With more and more juries requiring absolute proof for conviction of serious crimes like murder, we may need to tolerate hired assassins and vigilante committees -- to supplement a justice system that when originally created was more intuitive, but has in recent years mutated to demand more perfect proof than can reasonably be delivered - thus failing to protect us from perpetrators of violence .
One case in point is the recent disappearance of another American woman in Aruba. The reports are that the woman traveled to Aruba with a man she barely knew, who it seems took out a sizable life insurance policy on her. Then she disappeared. Her traveling companion filed a claim on the woman, and was apprehended as he was trying to leave Aruba. While he was held for several weeks, An Aruban judge ruled there was not enough evidence to hold him. No trace of the woman has been found.

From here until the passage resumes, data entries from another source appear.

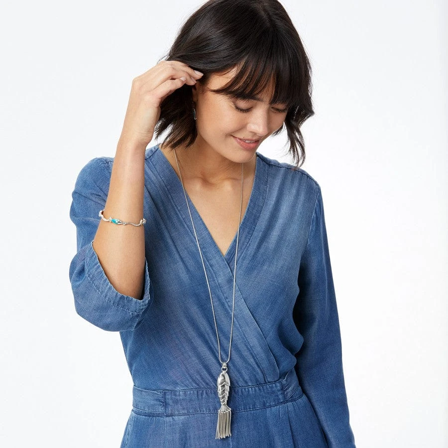 This sleek, shimmering fish silhouette is fully articulated with movable links. Its tail transitions into an elegant tassel made up of multiple strands of serpentine chain, giving the appearance that it is moving through the ocean. This contemporary two-tone fish features a little wiggling tail, lending a playfulness to your look.
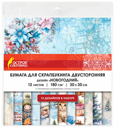 30х30 см Новогодний дизайн, двусторонняя, 12 листов, 180 г/м2
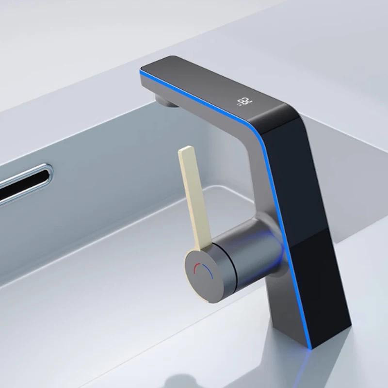 همچنین این مدل از شیر روشویی دارای نمایشگر دما میباشد که هنگام استفاده از آن دمای خروجی آب را نشان میدهد و همچنین دارای نوار ال ای دور شیر میباشد که زیبایی آن را دو چندان میکند و نیازی به برق و باتری ندارد.
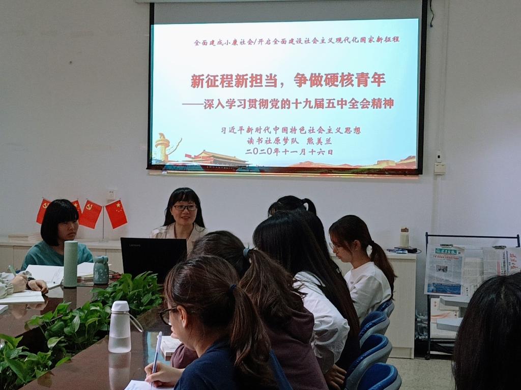 習近平新時代中國特色社會主義思想讀書社原夢隊新學年迎來了20級新成員,于2020年11月16日開啟了本學期第一次集中學習。同學們懷揣著對新思想學習的期待和渴望來到馬院研討室。
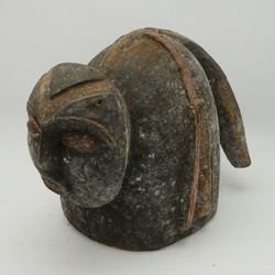 | Omschrijving | Een houten Afrikaans masker, deels beschilderd en met een gestoken mannenhoofd. Volgens label uit Liberia |

Most of us intuitively feel that the suspect in this case is probably guilty of murder, and if not murder, than collusion to defraud the life insurance company. The most compelling clues of guilt are
1) his taking out an insurance policy on a casual acquaintance who is otherwise financially irrelevant to him;
2) the only benefit of insurance to him is personal enrichment if the victim dies; and
3) the fact that he also tried to collect on the policy - as if knowing the victim was no longer around to deny her death.
All of the above clues very strongly infer a criminal motive and act. At the very least, most off us are sure the guy should be imprisoned, if not executed. The failure of our criminal system is one of our own making, and thus correctable -- and that is the very flawed presumption of absolute innocence unless their is absolute proof of guilt.
Suspects in very serious cases routinely are set completely free -- because our failed justice system now requires too perfect a proof. The question in the juror's mind should not be "Are there any doubts?" but rather, is there any evidence pointing towards innocence.
Conviction "beyond a reasonable doubt" does not of itself require a perfect proof. Most of us are comfortable and certain when asked to identify what creature is lurking in the woods without ever having to see the complete beast. We can intuitively reconstruct scenes from partial views and evidence left at the scene. Where we fail is in tolerating a justice system that denies our intuitive capability.
Such intuition is not anti-logical. Rather it is a skill, much of which is innate within us, to reach valid conclusions with only partial information. In fact, almost all the information we must process and make decisions on is only partial information. We seldom, if ever, have perfect information at out disposal. And it is a skill we are pretty good at - especially if we consciously exercise and test it regularly.
This all argues for professional jurors, trained in and tested in forensic inference and making inferential decisions on partial information.